A queue lets the API respond quickly while workers process jobs in the background. Mention retries and idempotency if the job might run more than once.

NoSQL vs SQL/Relational Databases

NoSQL databases can be useful when you need flexible schemas, high write throughput, or data that naturally fits a document or key-value model.

For interviews, default to SQL/relational databases unless the problem clearly benefits from NoSQL. Relational databases are easier to reason about for relationships, constraints, and transactions.

The main interview difference is schema shape. Relational databases split data across tables. Document databases often keep related data together in one record.

Client/Server Communication

• Use HTTP and REST for most client-server communication.
• Consider GraphQL when many clients need different data shapes from the same backend.
• Consider gRPC for server-to-server communication where strong contracts and smaller payloads help.
• Consider WebSockets or Server-Sent Events when the system needs real-time updates.

Pick the simplest option that supports the requirements.

Typical Web Application Setup

This is a simple system diagram with components that apply to many web applications.

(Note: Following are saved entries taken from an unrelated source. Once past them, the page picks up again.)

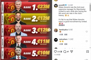 体育资讯1月9日讯 score90的社媒账号,给出曼联过去几年解雇主帅的花费排行,其中穆里尼奥以2300万欧列第一。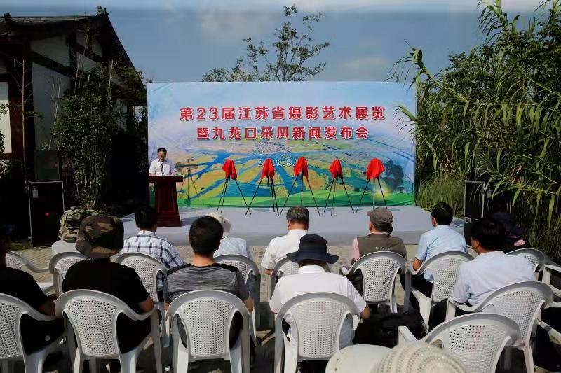 8月16日下午,第23届江苏省摄影艺术展览暨九龙口采风新闻发布会在建湖县九龙口旅游度假区举办,省文联党组成员、副主席、书记处书记徐昕,省摄影家协会名誉主席沈遥、主席许益民、副主席徐澍、王京、肖勇、屠国啸、汤天明、徐健,盐城市文联党组书记、主席高定,建湖县人大副主任、九龙口旅游度假区党工委书记唐坤,建湖县政协副主席、县文联主席徐守忠及省、市、县摄影名家、爱好者,新闻媒体记者近百人出席。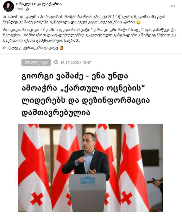 „ათასობით ყალბი პირადობის მოწმობა რომ იპოვეს 2012 წელს, მეგონა, იმ დღის შემდეგ ვაშაძე ციხეში იქნებოდა და აგერ კაცი სხვებს ენას აჭრის“, – ასე ეხმიანება ექსპერტი, ირაკლი ლატარია გიორგი ვაშაძის განცხადებას, რომ „ენა უნდა ამოაჭრა „ქართული ოცნების“ ლიდერებს და დეზინფორმაცია დამთავრებულია“.

Depending on the prompt, add or remove nodes based on the requirements from the start of the interview.

• Client
• Load balancer
• Web servers running the API
• Database
• Cache such as Redis or Memcached
• Object storage for files
• CDN for static assets
• Queue and workers for slow background work

4. Review the Diagram

End by walking through the system step by step. Use the functional requirements from the beginning of the interview as your checklist.

For each main flow, explain:

• What the client calls
• Which services handle the request
• What data is read or written
• What is cached
• What happens asynchronously
• What can fail
• Which tradeoffs you made

This final review is important. It shows the interviewer that your diagram is not just a collection of boxes. It is a system that supports the requirements you agreed on.